What is expected:
In your copy, leave out the pictures; write out all the data exactly.

Provided data:

- Opening Delimiter -

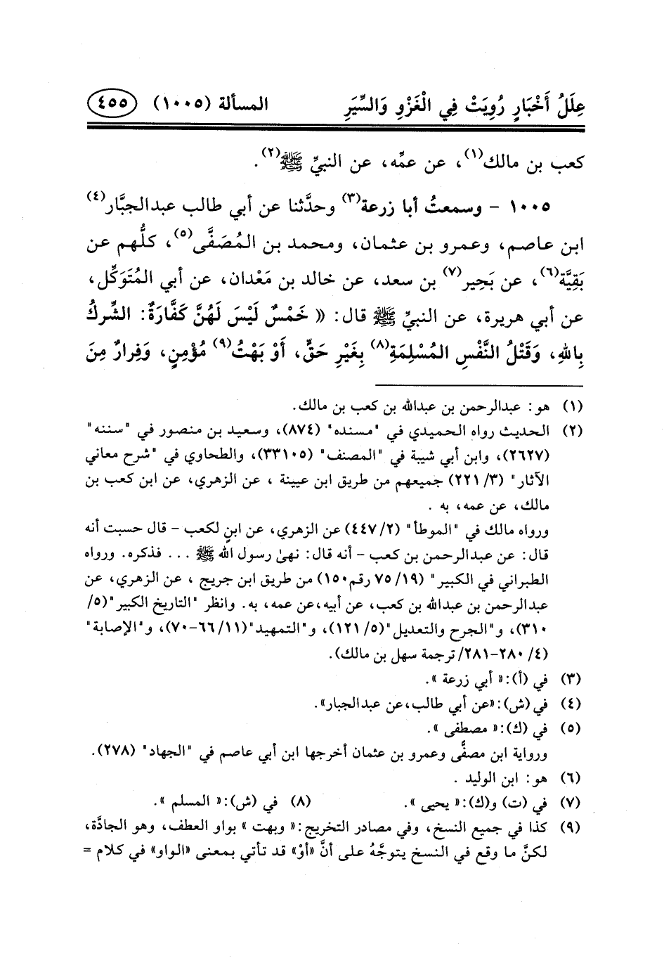 كلُّهم عَنْ بَقِيَّة (٦) ، عَنْ بَحِير (٧) بْنِ سعد، عن خالد ابن مَعْدان، عَنْ أَبِي المُتَوَكِّل، عَنْ أبي هريرة، عن النبيِّ (ص) قَالَ: خَمْسٌ لَيْسَ لَهُنَّ كَفَّارَةٌ: الشِّركُ بِاللهِ، وَقَتْلُ النَّفْسِ المُسْلِمَةِ (٨) بِغَيْرِ حَقٍّ، أَوْ بَهْتُ (٩) مُؤْمِنٍ، وَفِرارٌ مِنَ
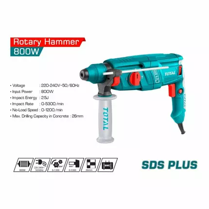 Specifications: Voltage:220-240V~50/60Hz Input power:800W No-load speed:0-1200rpm Impact rate:0-5300bpm Impact energy:2.5J Max drilling capacity, concrete:26mm, Steel:13mm, Wood:30mm with SDS plus chuck system With 3 drills and 2 chisels Packed by BMC
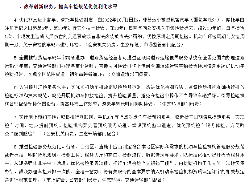 此部分内容主要有:10月1日起,非营运小微型载客汽车(原10年内检测三次,超过15年每半年检验一次;面包车除外)、摩托车(原10年检测五次)统一调整为10年内检验两次,超过10年每年检验一次;推行全国范围内货运车辆年审跨省通办;推进检验服务规范化,实行网上车检预约服务,提升环险服务水平,提高环检工作效率,避免“暴力”检验。
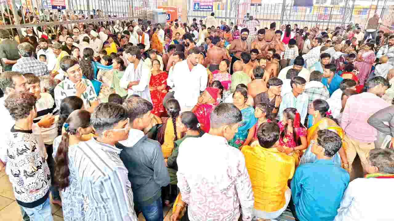 శ్రీశైలం, డిసెంబరు 8 (ఆంధ్రజ్యోతి) : శ్రీశైల మల్లన్నను దర్శించుకునేందుకు వస్తున్న యాత్రికులతో క్షేత్రమంతా రద్దీగా మారింది. వారాంతపు సెలవులు పూర్తయినప్పటికీ గర్భాలయ స్పర్శ దర్శనం కోసం వివిధ ప్రాంతాల నుండి భక్తులు క్షేత్రానికి చేరుకుంటూనే ఉన్నారు. సోమవారం తెల్లవారుజామున తలనీలాలు సమర్పించుకుని కృష్ణమ్మ ఒడిలో నదీ స్నానాలు చేసి పసుపు కుంకుమలు గంగమ్మకు సారెలు సమర్పించుకున్నారు. భక్తులందరికీ అలంకార దర్శనమే ఉన్నందున వీఐపీ టిక్కెట్టు పొందిన వారికి గంట సమయం, అతి శీఘ్ర దర్శనం వారికి రెండు గంటలు, శీఘ్ర, ఉచిత దర్శనం వారికి కూడా రెండు గంటలకు పైగా ఉభయ దేవాలయాలలో దర్శనాలు ముగిశాయని ఆలయ అధికారులు చెప్పారు. అదే విధంగా 500, 300 టిక్కెట్లు పొందిన భక్తుల ఉచిత లడ్డూ ప్రసాదాన్ని పొందున్నట్లు చెప్పారు. సాయంత్ర కళారాధన వేదికపై కడప తాళ్లపాక అన్నమయ్య జిల్లాకు చెందిన బాలరాజు, పాండురంగ రాజుల బృందం భజనలు చేసింది. హైదరాబాద్కు చెందిన కూచిపూడి కళాక్షేత్రం వారి నృత్య ప్రదర్శన ఆకట్టుకుంది.
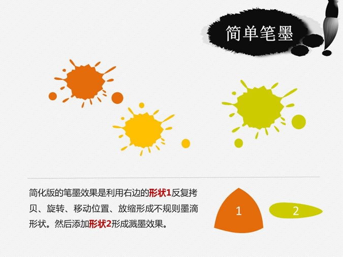 这是一份教你如何制作手绘水墨效果PPT教程:通过形状复合、柔化边缘、内部阴影达到笔墨效果,很实用,请下载学习。
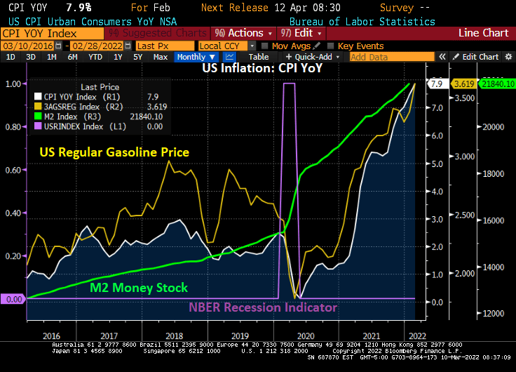As expected, US inflation soared to 7.9% YoY in February as gasoline prices continue climbing.
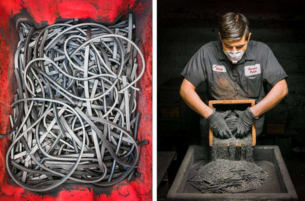 Сначала она отбирается, нужно прямые волокна без сучков. Отобранное сырье обрабатывается и становится брусками, они идут на торцевание по длине будущего карандаша. Бруски выходят чуть длиннее, так как при усушивании материал уменьшится в размере. Далее они распиливаются до тонкие дощечки и пропитываются парафином. Данная стадия повышает устойчивость к механическим повреждениям.

- Closing Delimiter -

Exercise output:
 كلُّهم عَنْ بَقِيَّة (٦) ، عَنْ بَحِير (٧) بْنِ سعد، عن خالد ابن مَعْدان، عَنْ أَبِي المُتَوَكِّل، عَنْ أبي هريرة، عن النبيِّ (ص) قَالَ: خَمْسٌ لَيْسَ لَهُنَّ كَفَّارَةٌ: الشِّركُ بِاللهِ، وَقَتْلُ النَّفْسِ المُسْلِمَةِ (٨) بِغَيْرِ حَقٍّ، أَوْ بَهْتُ (٩) مُؤْمِنٍ، وَفِرارٌ مِنَ
 Specifications: Voltage:220-240V~50/60Hz Input power:800W No-load speed:0-1200rpm Impact rate:0-5300bpm Impact energy:2.5J Max drilling capacity, concrete:26mm, Steel:13mm, Wood:30mm with SDS plus chuck system With 3 drills and 2 chisels Packed by BMC
 此部分内容主要有:10月1日起,非营运小微型载客汽车(原10年内检测三次,超过15年每半年检验一次;面包车除外)、摩托车(原10年检测五次)统一调整为10年内检验两次,超过10年每年检验一次;推行全国范围内货运车辆年审跨省通办;推进检验服务规范化,实行网上车检预约服务,提升环险服务水平,提高环检工作效率,避免“暴力”检验。
 శ్రీశైలం, డిసెంబరు 8 (ఆంధ్రజ్యోతి) : శ్రీశైల మల్లన్నను దర్శించుకునేందుకు వస్తున్న యాత్రికులతో క్షేత్రమంతా రద్దీగా మారింది. వారాంతపు సెలవులు పూర్తయినప్పటికీ గర్భాలయ స్పర్శ దర్శనం కోసం వివిధ ప్రాంతాల నుండి భక్తులు క్షేత్రానికి చేరుకుంటూనే ఉన్నారు. సోమవారం తెల్లవారుజామున తలనీలాలు సమర్పించుకుని కృష్ణమ్మ ఒడిలో నదీ స్నానాలు చేసి పసుపు కుంకుమలు గంగమ్మకు సారెలు సమర్పించుకున్నారు. భక్తులందరికీ అలంకార దర్శనమే ఉన్నందున వీఐపీ టిక్కెట్టు పొందిన వారికి గంట సమయం, అతి శీఘ్ర దర్శనం వారికి రెండు గంటలు, శీఘ్ర, ఉచిత దర్శనం వారికి కూడా రెండు గంటలకు పైగా ఉభయ దేవాలయాలలో దర్శనాలు ముగిశాయని ఆలయ అధికారులు చెప్పారు. అదే విధంగా 500, 300 టిక్కెట్లు పొందిన భక్తుల ఉచిత లడ్డూ ప్రసాదాన్ని పొందున్నట్లు చెప్పారు. సాయంత్ర కళారాధన వేదికపై కడప తాళ్లపాక అన్నమయ్య జిల్లాకు చెందిన బాలరాజు, పాండురంగ రాజుల బృందం భజనలు చేసింది. హైదరాబాద్కు చెందిన కూచిపూడి కళాక్షేత్రం వారి నృత్య ప్రదర్శన ఆకట్టుకుంది.
 这是一份教你如何制作手绘水墨效果PPT教程:通过形状复合、柔化边缘、内部阴影达到笔墨效果,很实用,请下载学习。
As expected, US inflation soared to 7.9% YoY in February as gasoline prices continue climbing.
 Сначала она отбирается, нужно прямые волокна без сучков. Отобранное сырье обрабатывается и становится брусками, они идут на торцевание по длине будущего карандаша. Бруски выходят чуть длиннее, так как при усушивании материал уменьшится в размере. Далее они распиливаются до тонкие дощечки и пропитываются парафином. Данная стадия повышает устойчивость к механическим повреждениям.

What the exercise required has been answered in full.